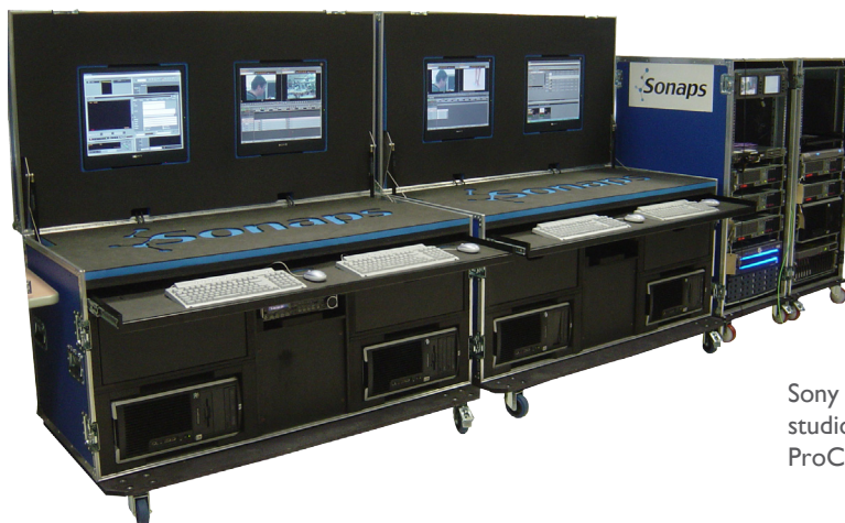
Sony Sonaps demonstration studio displayed in CP ProCases and ProRacks

Unit 11, Worton Hall Industrial Estate, Worton Road, Isleworth, Middlesex TW7 6ER England Tel: +44 (0) 20 8568 1881 Fax: +44 (0) 20 8568 1141 E-mail – info@cpcases.com Website – www.cpcases.com
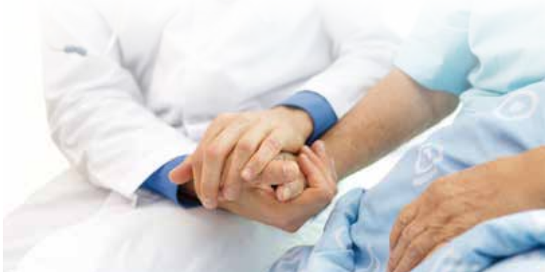
Colorectal Cancer Care Package
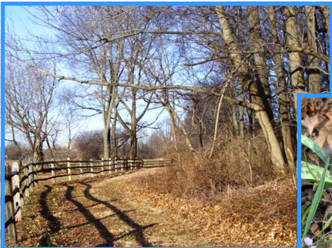
Farm lane at back edge of new open space

Project Location: 2642 Butler Pike, Plymouth Meeting; public access to adjoining park from Narcissa Road parking area
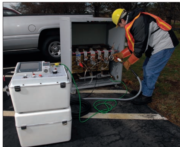
DELTA3000 shown testing a pad mount transformer

quantities include voltage, current, power (loss), power factor and capacitance. The operator has the option of correcting the current and loss readings to their 2.5 kV or 10 kV equivalents. Information can be downloaded directly to a PC or USB flash device, allowing the user to store up to 100,000 data sets. Printing is done via a second USB port directly to a USB thermal paper printer (included) allowing the user to print full-size test forms in either 8.5" x 11" or A4 size, without the use of an external laptop.
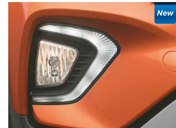
LED DRL & Positioning Lamp

Shark Fin Antenna | Chrome Finish Outside Door Handles | Sporty Dual Tone Exterior Colours LED Turn Indicator on ORVMs | Side Body Cladding
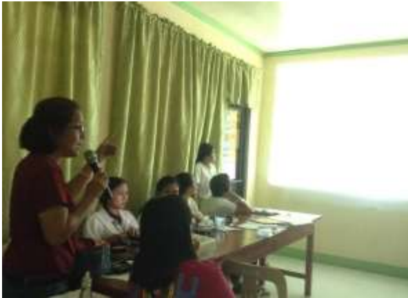
The Nurse IV from PHO provides insights regarding program management to attain better health outcomes .
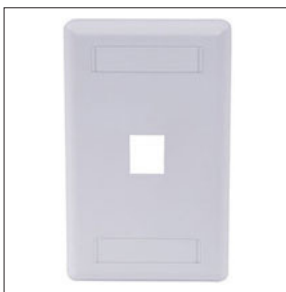
IFP11W 1 PORT 1 GANG FIXED PLATE - White
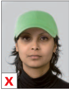
A. Head covered
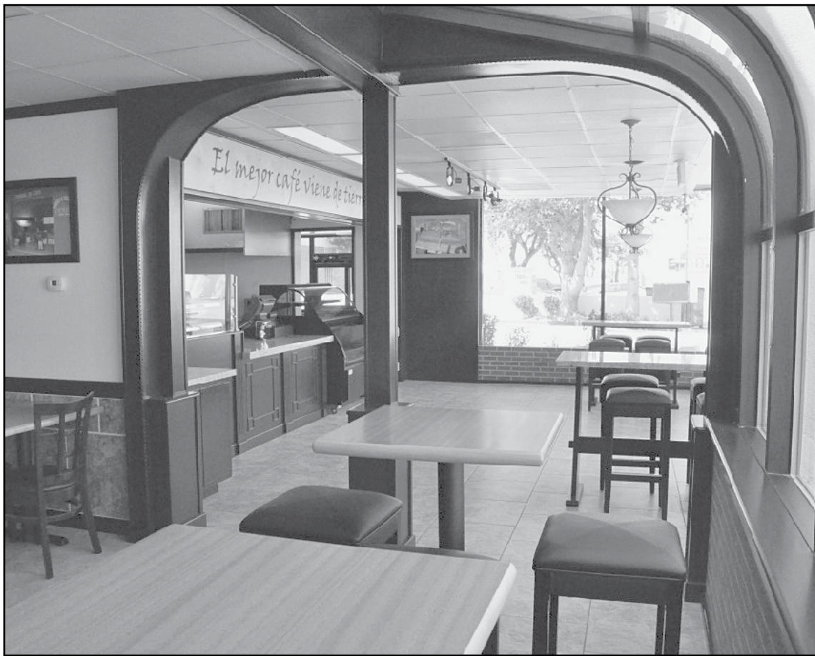
At Tierra Mia you are welcomed by a rustic, modernized interior with a Hispanic twist.
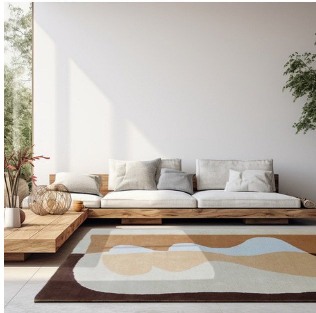
Tapis NARCISSE 160 x 230 cm | Prix : 795€ 200 x 290 cm | Prix : 998€
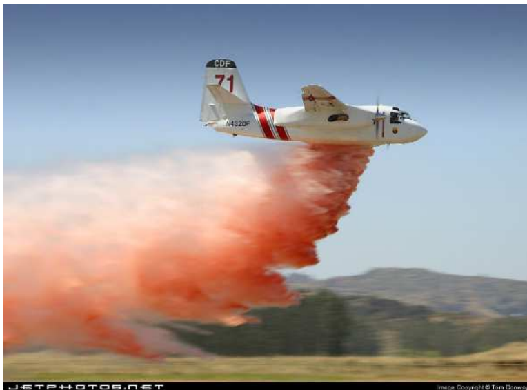
Grumman S-2 Tracker air tanker

In support of the firefighting ground forces, CalFire has 13 air attack and nine helitack bases located around the state. We are fortunate to have a CalFire Air Attack Base so close by. It is located at Columbia Airport (O22). Our local CalFire Air Attack crews respond to fires in Tuolumne and Calaveras counties as well as portions of San Joaquin, Stanislaus, and Alpine counties.
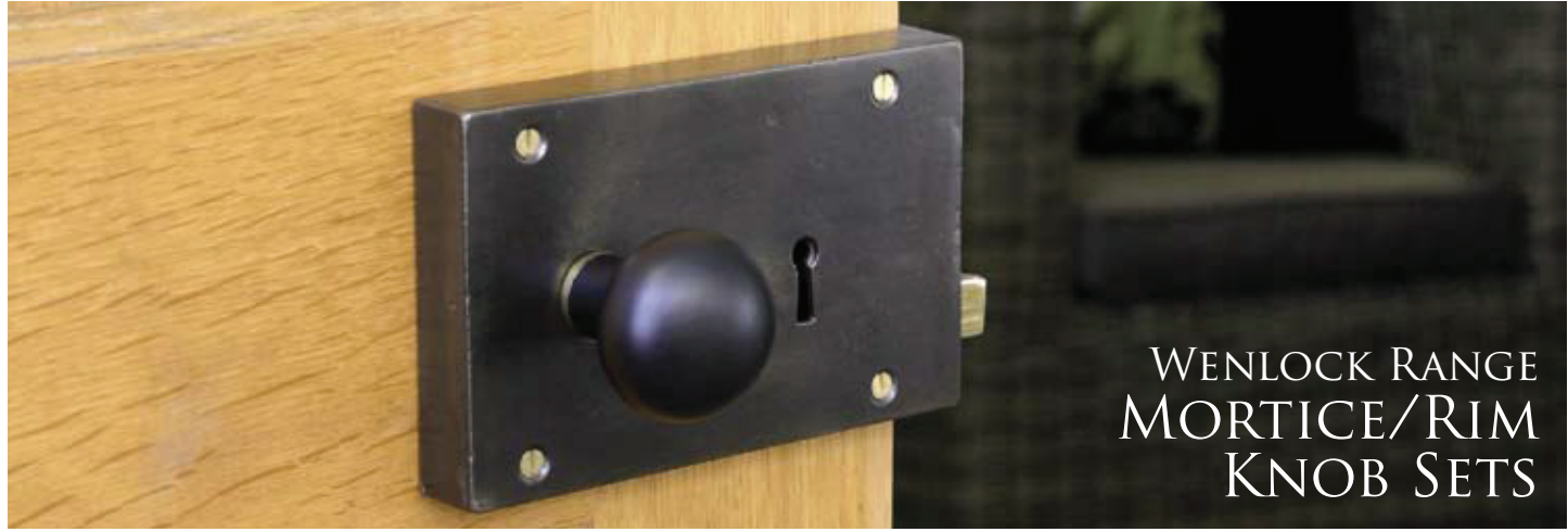
83563 (Bun Rim Knob) & 83591 (Left Hand Rim Lock)

**Your goal**
Leave the pictures out and copy exactly the lines from the one that holds "Tapis NARCISSE 160" through the last line of the material.

**Answer area**
Tapis NARCISSE 160 x 230 cm | Prix : 795€ 200 x 290 cm | Prix : 998€
Grumman S-2 Tracker air tanker

In support of the firefighting ground forces, CalFire has 13 air attack and nine helitack bases located around the state. We are fortunate to have a CalFire Air Attack Base so close by. It is located at Columbia Airport (O22). Our local CalFire Air Attack crews respond to fires in Tuolumne and Calaveras counties as well as portions of San Joaquin, Stanislaus, and Alpine counties.
83563 (Bun Rim Knob) & 83591 (Left Hand Rim Lock)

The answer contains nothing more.